SandboxAQ is seeking a motivated postdoctoral researcher to develop and apply machine learning methods at the intersection of materials science and structural design to support the identification of high-impact design opportunities, the development of lightweighting strategies, and decision-making under complex constraints.
Requirements
- Demonstrated experience applying ML or statistical methods to materials or engineering applications.
- Proficiency in Python and ML frameworks (PyTorch, TensorFlow, Scikit-learn).
- Familiarity with optimization and uncertainty quantification methods such as Bayesian optimization, Gaussian processes, ensemble learning, or related approaches.
- Familiarity with knowledge graphs or graph-based ML for materials/manufacturing data.
- Experience with LLMs for data integration, retrieval-augmented reasoning, or decision support.
- Experience with graph-based, generative, or physics-informed ML for materials or engineering applications.
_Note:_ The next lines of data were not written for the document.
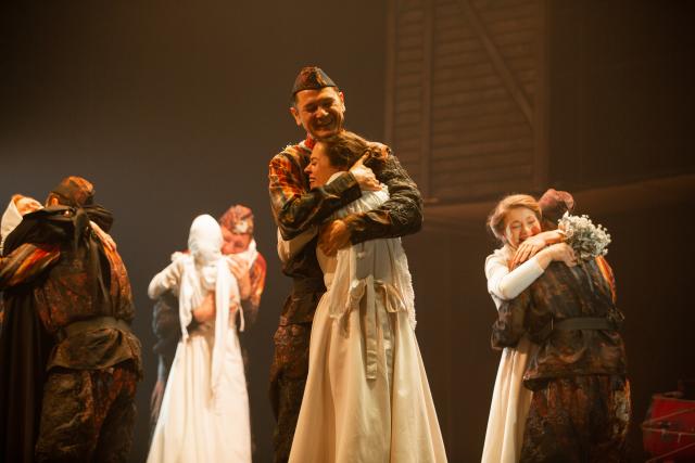 В спектакле присутствует образ Смерти (Галина Волокитина), чье дыхание ощущает каждый, ведь она всегда рядом. Победить ее невозможно, но победить страх внутри себя и встретиться с ней лицом к лицу – уже подвиг. Основная визуальная идея спектакля – это не историческая реконструкция событий, а символическое пространство для впечатлений. Многосюжетность постановки реализуется через динамичные переходы между сценами и быструю смену разных локаций. Три движущиеся люстры с кинетическими механизмами олицетворяют Бал Смерти, куда приглашены солдаты, танцевать с ней роковое танго. Костюмы стилизованы и разрабатывались со спецификой включения в спектакль множества хореографических номеров.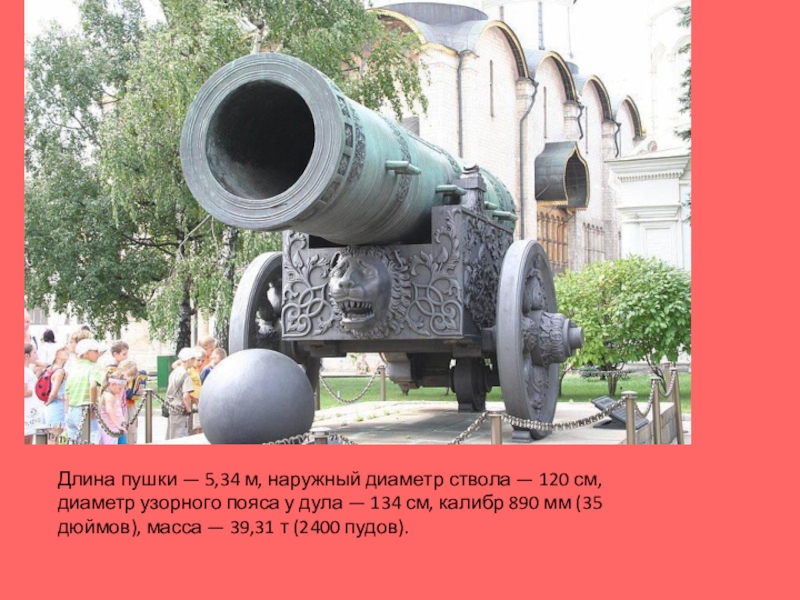 Слайд 27Длина пушки — 5,34 м, наружный диаметр ствола — 120 см, диаметр узорного пояса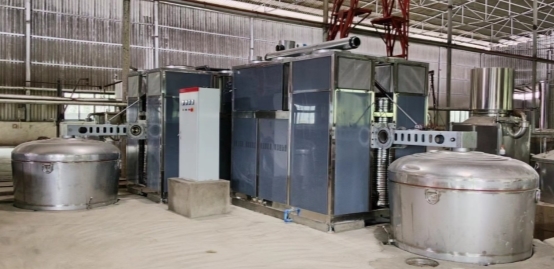 自2023年起,贵州仁怀市茅台镇已有数家酱香型白酒生产企业使用广东碧涞节能设备有限公司研发生产的特高温热泵型蒸酒一体机做白酒的蒸粮、蒸酒及打粮水的生产,取得非常好的节能减碳的效果。采用该机组生产白酒,相比天然气锅炉生产节省成本50%以上,相比电锅炉(电蒸汽发生器)节能60%以上。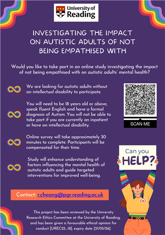 They are looking for autistic adults without an intellectual disability, who are 18 years old or above, speak fluent English and have a formal diagnosis of Autism. You will not be able to take part if you are currently an inpatient.

- Experience working with experimental or simulation-based datasets in materials (e.g., thermomechanical processing data, microstructure characterization, or finite element modeling).
Responsibilities
- Develop and apply ML and optimization techniques to guide lightweighting strategies.
- Use reasoning-based ML approaches to evaluate trade-offs among performance, manufacturability and other criteria.
- Apply Bayesian optimization and related uncertainty-aware methods to balance performance, manufacturability, and other constraints.
- Build reproducible workflows that integrate materials data, manufacturing methods, and simulation outputs.
- Curate and analyze structured datasets on materials, processing routes, and mechanical properties to support ML pipelines.
- Collaborate with engineers and computer scientists to connect ML outputs with structural and materials design tasks.
- Write technical reports and present results to technical and non-technical stakeholders.
Other
- U.S. citizenship is required due to USG contract requirements.
- PhD in Materials Science, Metallurgy, Mechanical Engineering, Computational Materials Science, Applied Physics , or a related field.
- Strong research track record, evidenced by publications in materials science, ML, or computational design.
- Excellent problem-solving and communication skills.
- Ability to work collaboratively in multidisciplinary teams.